### Your goal
All pictures are to be dropped, and the remaining data set down exactly.

### Data excerpt
════════
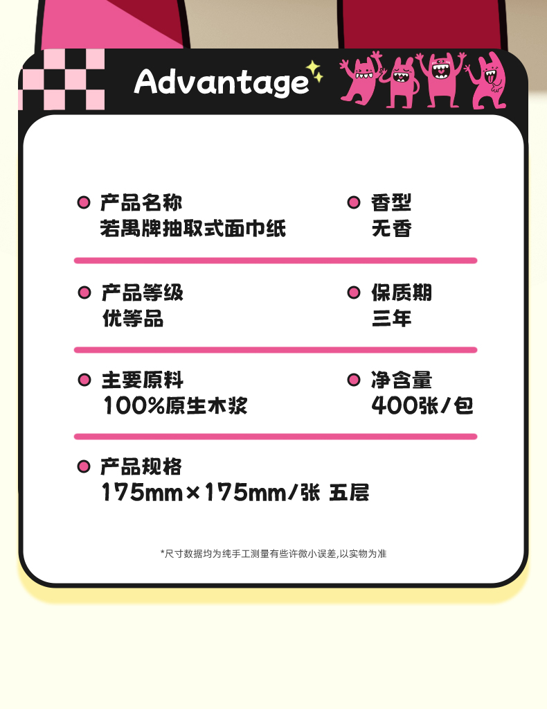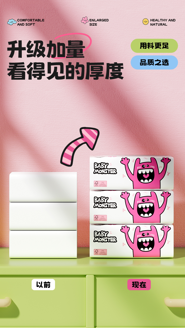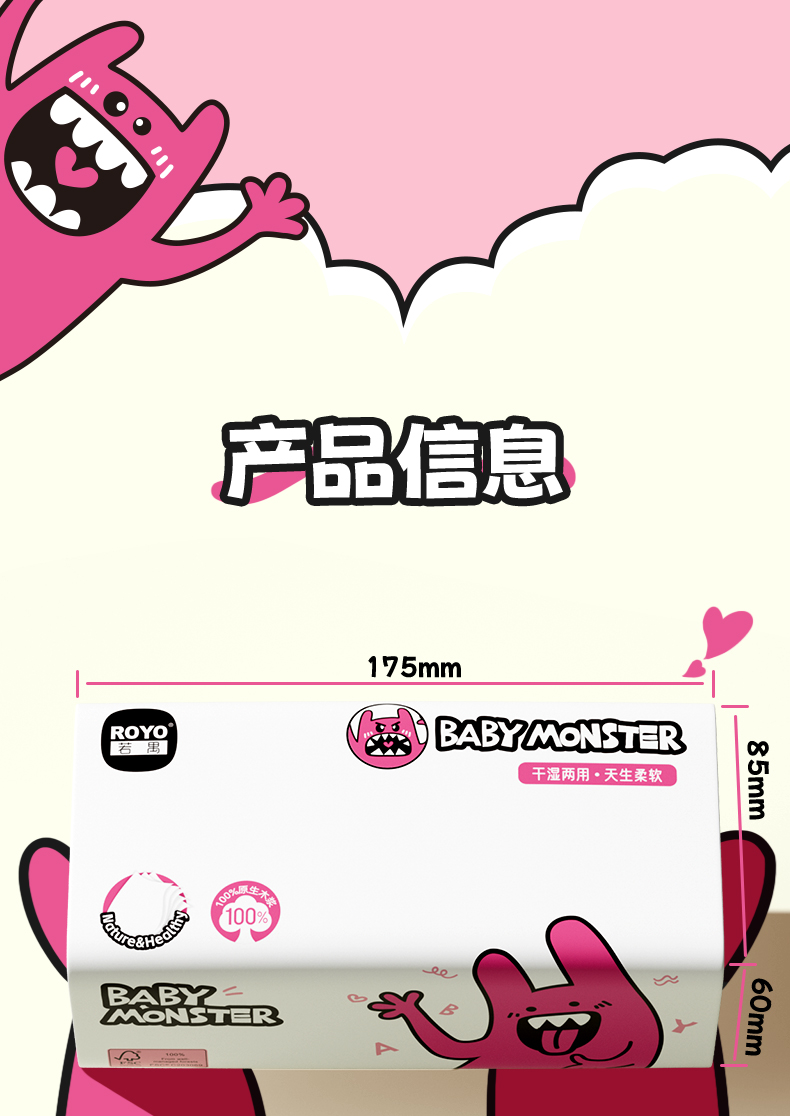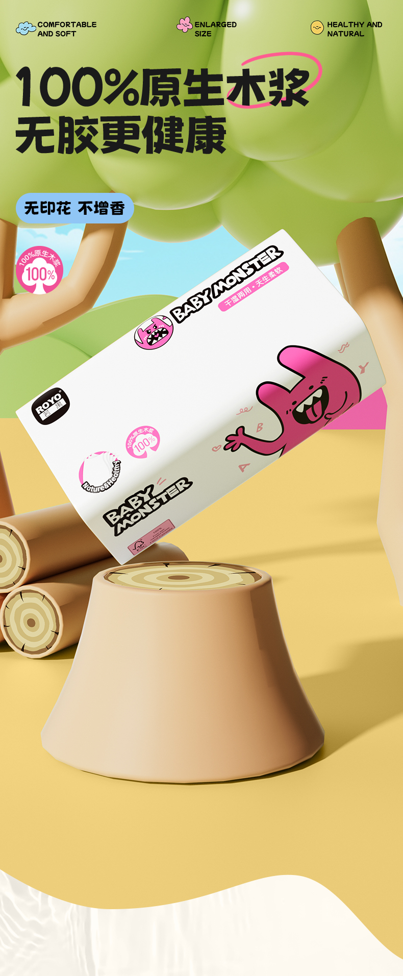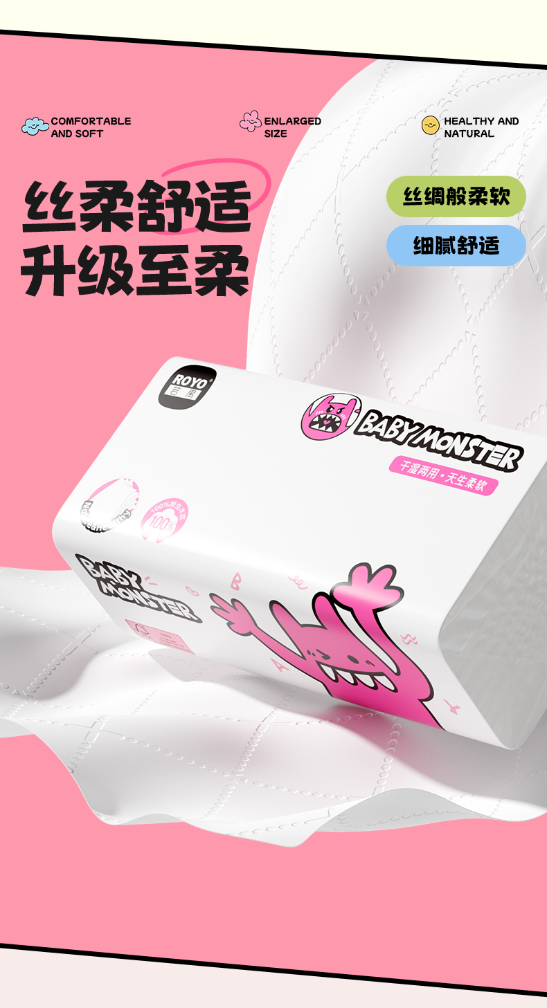 若禺软抽纸小怪兽系列100%原生木浆5层加厚400张/包1件20包湿水可用柔软舒适RR2109
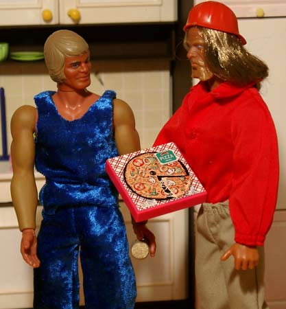 Plötzlich klingelt es an der Tür, Jeff öffnet dem Pizzajungen! Steeli hat mitgedacht! Ein pfiffiges Kerlchen! |
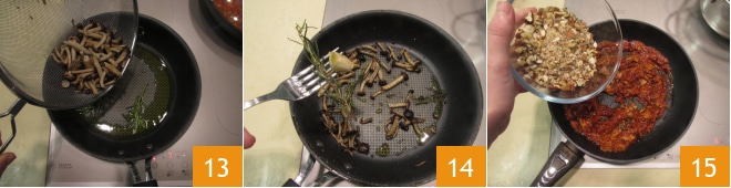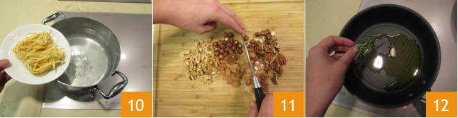 In der Zwischenzeit einen Topf mit Wasser erhitzen, um die Pasta zu kochen 11 und bereiten Sie den Rest vor: die Trockenfrüchte hacken 11. In einer Pfanne etwas Öl erhitzen und mit Knoblauch und Rosmarin aromatisieren 12,
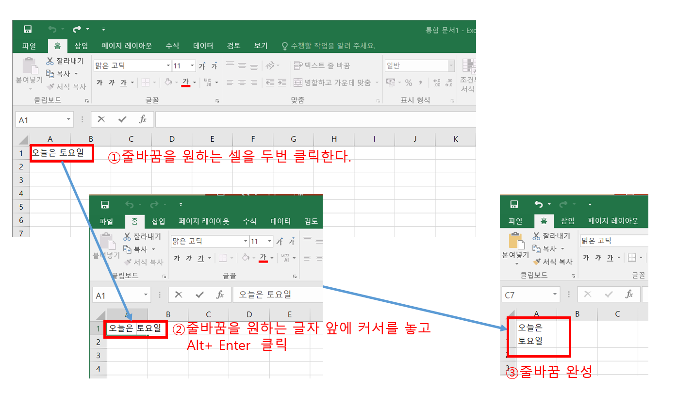 셀 안에서 글쓰기를 하던 중 그 셀안에서 줄 바꿈을 하고 싶은 경우에는 셀을 두 번 클릭하는 줄을 바꾸려는 위치를 클릭한 후 Alt + Enter키를 누른다.
════════
### Solution
 若禺软抽纸小怪兽系列100%原生木浆5层加厚400张/包1件20包湿水可用柔软舒适RR2109
 Plötzlich klingelt es an der Tür, Jeff öffnet dem Pizzajungen! Steeli hat mitgedacht! Ein pfiffiges Kerlchen! |
 In der Zwischenzeit einen Topf mit Wasser erhitzen, um die Pasta zu kochen 11 und bereiten Sie den Rest vor: die Trockenfrüchte hacken 11. In einer Pfanne etwas Öl erhitzen und mit Knoblauch und Rosmarin aromatisieren 12,
 셀 안에서 글쓰기를 하던 중 그 셀안에서 줄 바꿈을 하고 싶은 경우에는 셀을 두 번 클릭하는 줄을 바꾸려는 위치를 클릭한 후 Alt + Enter키를 누른다.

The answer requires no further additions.